Code Style & Structure

- Use full type hints on all function signatures. Document tensor/array shapes in docstrings: `# shape: (batch, seq_len, hidden_size)`.

- Follow PEP 8. Format with `ruff format`. Lint with `ruff check --select ALL`.

- Avoid magic numbers. Define all hyperparameters in a config dataclass or YAML file. Never hardcode learning rates, batch sizes, or architecture parameters in model files.

- Use `dataclasses` or Pydantic v2 `BaseModel` for configuration objects. Load configs at runtime.

Project Structure

```

data/

raw/ # Original, immutable input data — never modified

processed/ # Cleaned, feature-engineered, ready-for-model data

src/

data/

loaders.py # Dataset loading, splitting (train/val/test)

transforms.py # Feature engineering, preprocessing pipelines

validation.py # Schema validation with pandera

models/

architectures.py # Model class definitions

training.py # Training loop, optimizer setup, scheduling

evaluation.py # Metrics, confusion matrix, threshold analysis

features/ # Feature selection, importance analysis

utils/

reproducibility.py # Seed setting, deterministic flag configuration

logging.py # Structured logging, MLflow run context

configs/ # YAML experiment configs per model variant

notebooks/ # Exploration only — no production code

tests/

models/ # Saved checkpoints, ONNX exports

```

Data Processing

- Validate data at every pipeline entry point: check dtypes, null percentages, value ranges, and row counts.
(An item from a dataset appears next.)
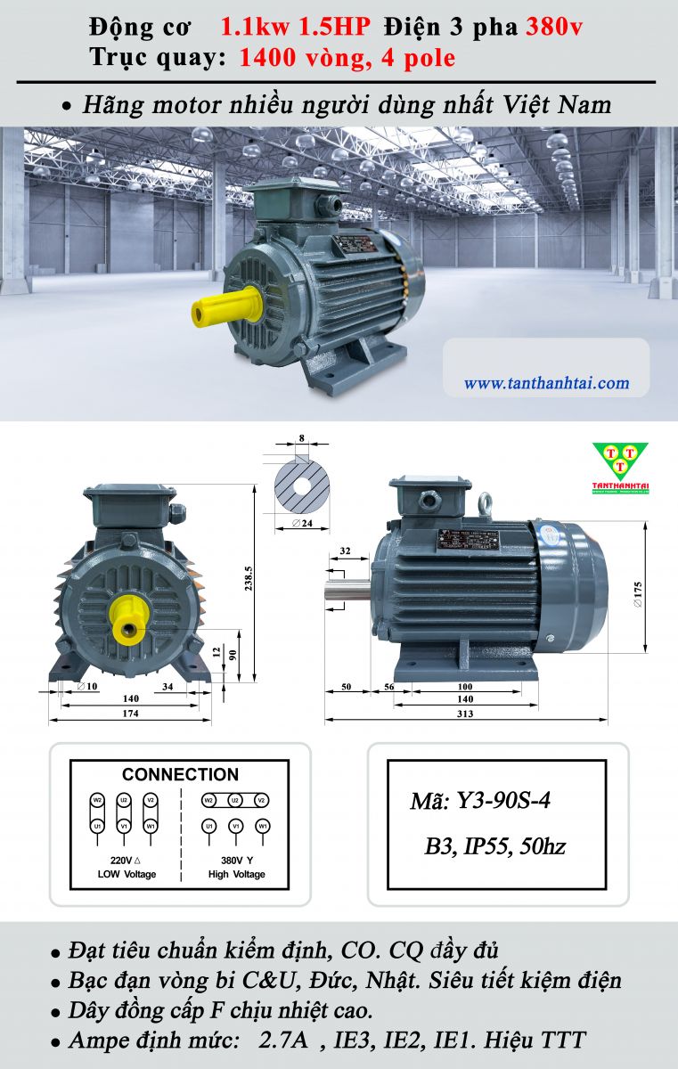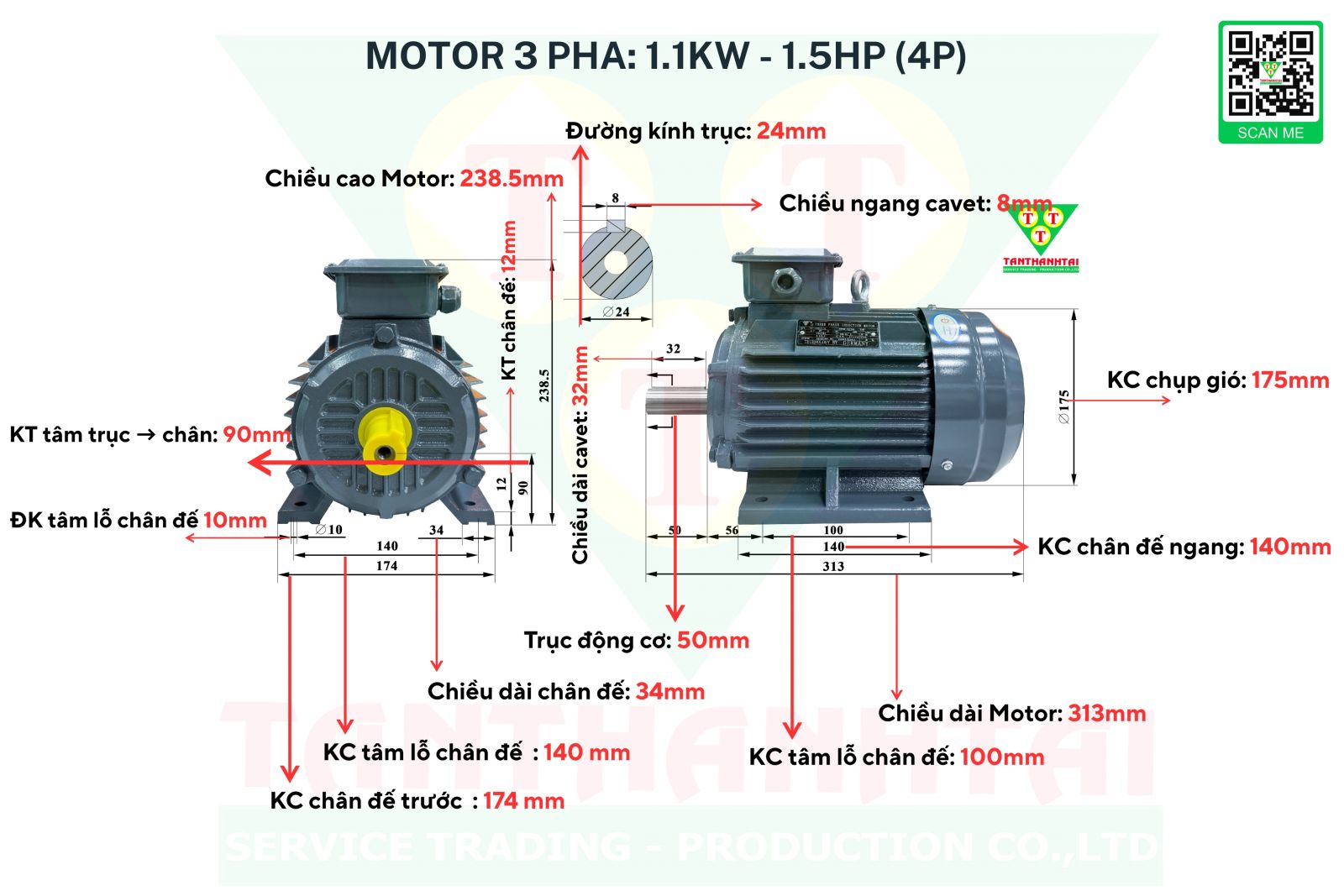 Động cơ điện 1.1kW - 1.5HP 3 Pha 380V 4 Cực điện - Motor Tân Thành Tài

- Use `pandera` or `great_expectations` schemas to assert data contracts. Fail fast on schema drift.

- Write idempotent pipelines — running the same pipeline twice on the same input must produce identical output.

- Log data statistics at each transformation step: shape, null counts, min/max, mean/std.

- Store intermediate results as Parquet files. Parquet preserves dtypes and is 10–20x faster to read than CSV.

- Use `sklearn.pipeline.Pipeline` to encapsulate preprocessing + model into a single estimator. It prevents data leakage from fit state during cross-validation.

Model Development

- Implement the `fit/predict` contract for custom estimators. Subclass `sklearn.base.BaseEstimator` and `TransformerMixin` or `ClassifierMixin`.

- Keep model architectures (PyTorch `nn.Module`) separate from training loops. Training logic lives in `training.py`.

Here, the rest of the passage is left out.